Areas for mini grants will be further defined at the SUMMIT.  However, from preliminary discussions two major areas have emerged where both small and timely grants can ease daily pressures on these organizations.

Womanist Reporter Investigating Bank / wRib will assist reporters to cover breaking news. Awarded on a revolving basis, by a rotating council, reporters will be awarded stipends to cover and file their stories with feminist and progressive media outlets. Forty percent of awards will go to women of color and grassroots women news gathers. These modest stipends will have a key impact on 1) building a strong pool of feminist news gatherers, 2) adding critical support for women’s media programs, and 3) providing audiences dynamic feminist social justice news.

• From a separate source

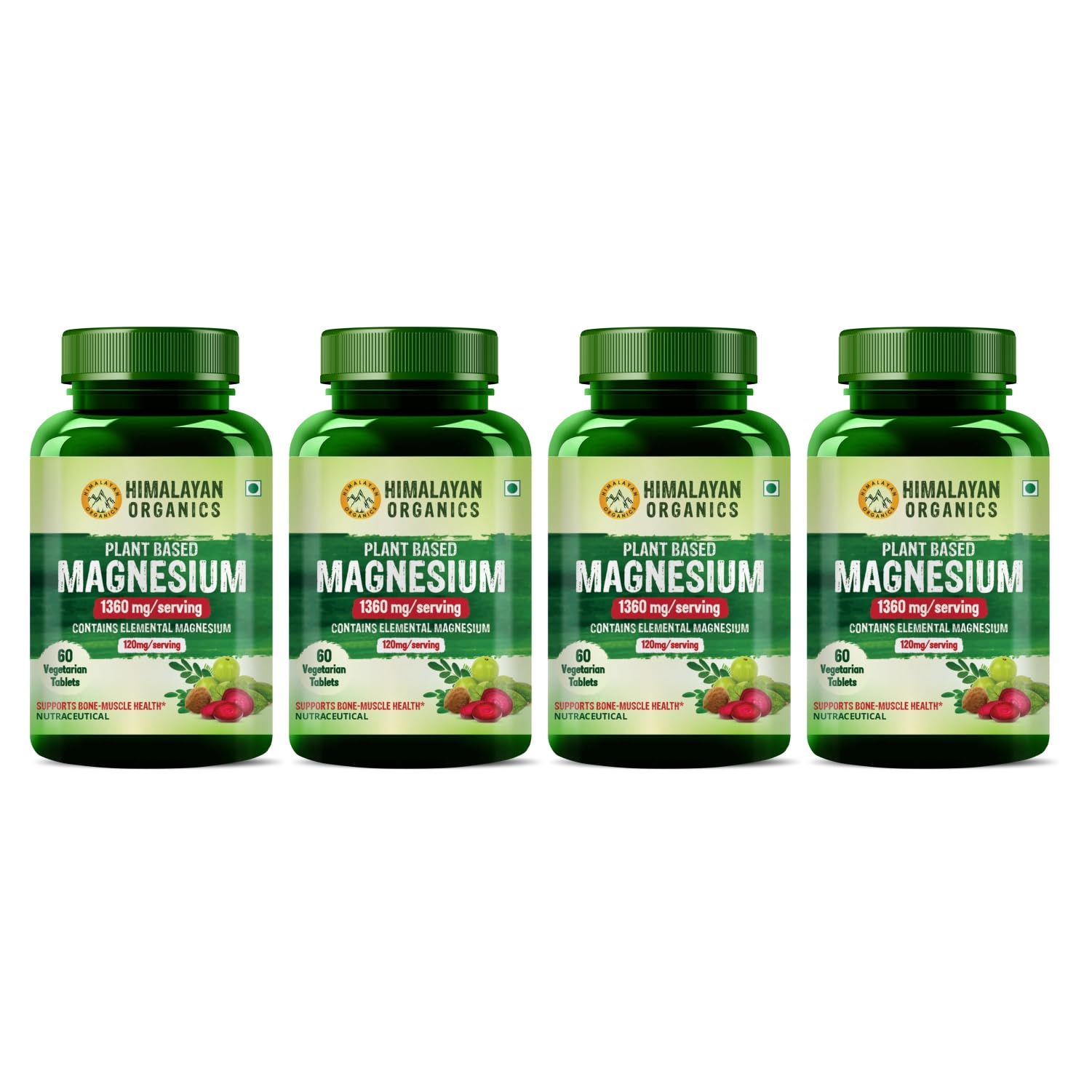 Plant Based Magnesium Supplement 220mg With Turmeric Spirulina Wheatgrass Moringa | Supports Bone Muscle & Bone Health | Boost Energy Level (Pack Of 4)

Policy & Presence, is the other mini grant area. It will fill the glaring hole in women’s media organization representation at media policy sessions and the persistent lack of media policy that expressly reflects women and girls. For example, “women’s media ownership” is fraught with inherent contradictions and demands serious feminist analysis. Mini grants will be awarded to the field that 1) create a series of women-identified media policy papers; and 2) send delegations to officially represent these policy positions at meetings like National Conf on Media Reform, NOW, AAUW, FCC, etc. Policy & Presence grants will increase identity of the field as well as its credibility.  All of this in turn will increase donors.

MEC expects to raise $150,000 on average over the next two years to dispense funds back out to grassroots women centered media.